The sixth cumulant correction vector (Six) may be used in order to aid in obtaining solutions which converge. The calculation methods are the same for symmetric or asymmetric distributions, and for positive or negative skew.

Verification of Minimum Kurtosis: For the fifth-order approximation, Headrick (2002, doi: 10.1016/S0167-9473(02)00072-5) states "it is assumed that the hypersurface of the objective function [for the kurtosis equation] has the appropriate (quasiconvex) configuration." This assumption alleviates the need to check second-order conditions. Headrick discusses steps he took to verify the kurtosis solution was in fact a minimum, including: 1) substituting the constant solutions back into the 1st four Lagrangean constraints to ensure the results are zero, 2) substituting the skewness, kurtosis solution, and standardized fifth and sixth cumulants back into the fifth-order equations to ensure the same constants are produced (i.e. using find_constants), and 3) searching for values below the kurtosis solution that solve the Lagrangean equation. This function ensures steps 1 and 2 by the nature of the root-solving algorithm of nleqslv. Using a sufficiently large n (and, if necessary, executing the function for different seeds) makes step 3 unnecessary.

The most likely cause for function errors is that no solutions to fleish_skurt_check or poly_skurt_check converged. If this happens, the simulation will stop. Possible solutions include: a) increasing the number of initial starting values (n), b) using a different seed, or c) specifying a Six vector of sixth cumulant correction values (for method = "Polynomial"). If the standardized cumulants are obtained from calc_theory, the user may need to use rounded values as inputs (i.e. skews = round(skews, 8)). Due to the nature of the integration involved in calc_theory, the results are approximations. Greater accuracy can be achieved by increasing the number of subdivisions (sub) used in the integration process. For example, in order to ensure that skew is exactly 0 for symmetric distributions.

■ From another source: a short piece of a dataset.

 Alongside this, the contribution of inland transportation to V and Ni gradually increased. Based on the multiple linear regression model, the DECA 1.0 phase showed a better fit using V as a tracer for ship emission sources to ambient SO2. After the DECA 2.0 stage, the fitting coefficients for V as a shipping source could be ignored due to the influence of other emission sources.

Fleishman AI (1978). A Method for Simulating Non-normal Distributions. Psychometrika, 43, 521-532. doi: 10.1007/BF02293811.

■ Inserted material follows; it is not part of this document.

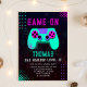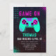 Este convite de aniversário de jogos é perfeito para qualquer jogador que adora celebrar com amigos e familiares. Ele apresenta o texto "GAME ON" e "THOMAS WITH ACHED NÍVEL 10" em uma fonte em negrito, com um nome personalizável. O convite também inclui um espaço para adicionar todos os detalhes importantes da parte. Este convite é perfeito para crianças de todas as idades, e é certo que será um sucesso para os seus convidados.
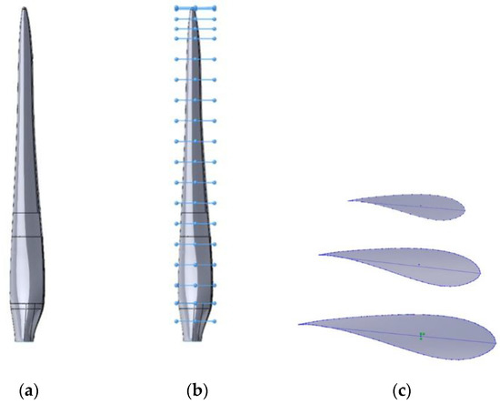 (a) Blade models acquired through scanning; (b) sectional segmentation for airfoil extraction; (c) blade airfoil for each section acquired.

Hasselman B (2018). nleqslv: Solve Systems of Nonlinear Equations. R package version 3.3.2. https://CRAN.R-project.org/package=nleqslv

Headrick TC (2002). Fast Fifth-order Polynomial Transforms for Generating Univariate and Multivariate Non-normal Distributions. Computational Statistics & Data Analysis, 40(4):685-711. doi: 10.1016/S0167-9473(02)00072-5. (ScienceDirect)

Headrick TC (2004). On Polynomial Transformations for Simulating Multivariate Nonnormal Distributions. Journal of Modern Applied Statistical Methods, 3(1), 65-71. doi: 10.22237/jmasm/1083370080.

Headrick TC, Kowalchuk RK (2007). The Power Method Transformation: Its Probability Density Function, Distribution Function, and Its Further Use for Fitting Data. Journal of Statistical Computation and Simulation, 77, 229-249. doi: 10.1080/10629360600605065.

Headrick TC, Sawilowsky SS (1999). Simulating Correlated Non-normal Distributions: Extending the Fleishman Power Method. Psychometrika, 64, 25-35. doi: 10.1007/BF02294317.

Headrick TC, Sawilowsky SS (2002). Weighted Simplex Procedures for Determining Boundary Points and Constants for the Univariate and Multivariate Power Methods. Journal of Educational and Behavioral Statistics, 25, 417-436. doi: 10.3102/10769986025004417.

Headrick TC, Sheng Y, & Hodis FA (2007). Numerical Computing and Graphics for the Power Method Transformation Using Mathematica. Journal of Statistical Software, 19(3), 1 - 17. doi: 10.18637/jss.v019.i03.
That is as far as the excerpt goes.